The end of the trading week likely can't come fast enough for Vanda Pharmaceuticals (VNDA). The commercial-stage biotech's stock took an almost 6% hit on Thursday, following some dispiriting news about one of its investigational drugs. That compared unfavorably to the 1.7% increase in the S&P 500 index during that session.

Stomach-disorder drug rejected

Bad news about a pipeline product is a fact of life in the biotech and pharmaceutical industries, but it's always an uncomfortable experience for companies and their investors.

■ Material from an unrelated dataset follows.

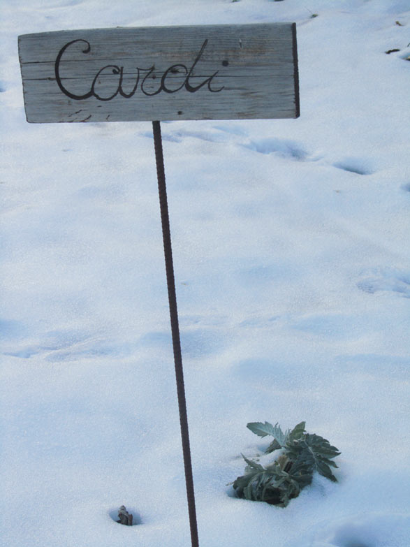 Non è molto poetico paragonare l'orto a scenari di guerra ma questo e il primo pensiero che mi è venuto, non sembrano tanti carri armati abbandonati? Non portano i segni della lotta su se stessi? Non giacciono forse ai piedi di paletti dimenticati?

Before market open Thursday, Vanda disclosed that the U.S. Food and Drug Administration (FDA) declined to approve the company's New Drug Application (NDA) for tradipitant in the treatment of the stomach disorder gastroparesis.

The FDA detailed the reasons for its rejection in a Complete Response Letter (CRL). In a press release, Vanda responded: "The CRL was conclusory in nature, generally disregarded the evidence provided and instead suggested that Vanda conduct additional studies with a design and duration inconsistent with the advice of key experts in the field and not appropriate based on the scientific understanding and natural course of the disorder."

The company also argued that the FDA delayed taking action by over 185 days, which is longer than the 180-day limit for the agency to either approve a submission or provide a chance for a hearing.

Not giving up

Vanda is attempting to develop tradipitant for two other indications besides gastroparesis: It's also being tested for motion sickness and for atopic dermatitis, a skin disorder. Of the trio, the company has only submitted gastroparesis as an indication for FDA approval.

The biotech said that it will continue to pursue commercialization of the drug. It also pledged to continue support for an expanded-access program that provides the clinical-stage medication to a small group of gastroparesis patients.